BARRANQUILLA — O secretário de Estado dos Estados Unidos, Marco Rubio, afirmou que as eleições na Venezuela devem ocorrer o mais rápido possível, mas condicionou a votação à reconstrução das instituições do país. A declaração foi feita na terça-feira (8), durante uma reunião com o presidente da Colômbia, Abelardo de la Espriella, em Barranquilla.
Rubio disse que Washington participa de negociações com setores do chavismo e da oposição. O processo envolve a Assembleia Nacional venezuelana eleita em 2015, cujo mandato expirou, e as autoridades interinas do país, lideradas pela presidenta encarregada Delcy Rodríguez.

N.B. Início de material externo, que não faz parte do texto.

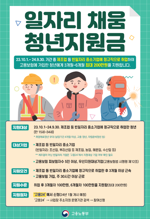 23.10.1.~'24.9.30. 기간에 제조업 중소기업에 정규직으로 취업하여 고용보험에 가입한 청년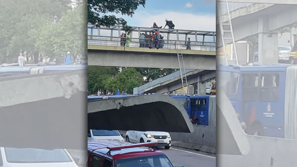 O Corpo de Bombeiros resgatou uma mulher de cima da passarela que passa sobre a rodovia SP-101, na altura do Jardim Sumarezinho.

Para o secretário, a realização de eleições exige a existência de uma Suprema Corte, de um Conselho Eleitoral Nacional, de infraestrutura de votação, de partidos políticos e de uma imprensa livre e aberta. Ele afirmou que essas condições são necessárias para que os candidatos possam disputar cargos e se manifestar.

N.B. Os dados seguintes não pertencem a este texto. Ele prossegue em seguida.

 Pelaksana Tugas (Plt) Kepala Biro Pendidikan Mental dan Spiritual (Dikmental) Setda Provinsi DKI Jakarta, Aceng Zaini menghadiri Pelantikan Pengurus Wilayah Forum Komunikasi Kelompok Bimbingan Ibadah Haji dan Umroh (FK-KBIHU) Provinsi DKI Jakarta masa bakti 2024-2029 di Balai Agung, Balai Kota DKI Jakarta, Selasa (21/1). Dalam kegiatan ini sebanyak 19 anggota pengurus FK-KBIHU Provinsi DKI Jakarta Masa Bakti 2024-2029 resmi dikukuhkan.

“Isso precisa acontecer o mais rápido possível, na minha perspectiva, mas deve ser feito de maneira adequada”, declarou Rubio. Segundo ele, caso o processo não seja conduzido dessa forma, haverá mais caos.
Relação entre Colômbia e Venezuela
A reunião tratou do fortalecimento da cooperação bilateral e militar na região. Espriella afirmou que a Colômbia trabalhará com o governo dos Estados Unidos para garantir a estabilidade regional e aprofundar a cooperação nas áreas fronteiriça, migratória e de segurança.
O presidente colombiano destacou que os dois países compartilham mais de 2 mil quilômetros de fronteira ativa. De acordo com ele, os acontecimentos na Venezuela têm efeitos diretos sobre a Colômbia em segurança, migração, tráfico de drogas, contrabando, organizações armadas e energia.
Rubio afirmou que o Exército de Libertação Nacional e dissidentes das FARC operam a partir do território venezuelano e representam uma ameaça à Colômbia. Ele disse ter tratado do tema com autoridades interinas venezuelanas, incluindo Delcy Rodríguez, e defendeu que a questão seja resolvida para melhorar a relação entre os dois países. O secretário não apresentou evidências para sustentar a afirmação.
Rubio também informou que pretende visitar a Venezuela. Ele explicou que a viagem não ocorreu nesta semana porque sua agenda incluía outros países, o Dia do Trabalho e a marcação do 25º aniversário do 11 de setembro.
Acordos e cooperação militar
Durante a visita, Colômbia e Estados Unidos assinaram memorandos de entendimento sobre o fornecimento de minerais críticos e terras raras e sobre energia nuclear civil. Os governos também anunciaram participação conjunta no Escudo das Américas, iniciativa militar e de segurança que reúne 19 governos e terá sede em Medellín.
As autoridades confirmaram ainda o retorno de ações de pulverização de glifosato contra cultivos de drogas. O governo colombiano pediu apoio dos Estados Unidos para obter financiamento em órgãos multilaterais e solicitou a abertura de um consulado em Barranquilla.
A Colômbia foi a primeira parada da viagem de Rubio, que também inclui Equador e Peru. Durante a passagem pelo país, o secretário elogiou a mudança de governo e criticou a administração anterior, liderada pelo ex-presidente Gustavo Petro. Rubio afirmou que os últimos quatro anos prejudicaram a relação entre os Estados Unidos e a Colômbia e disse que essa situação está mudando.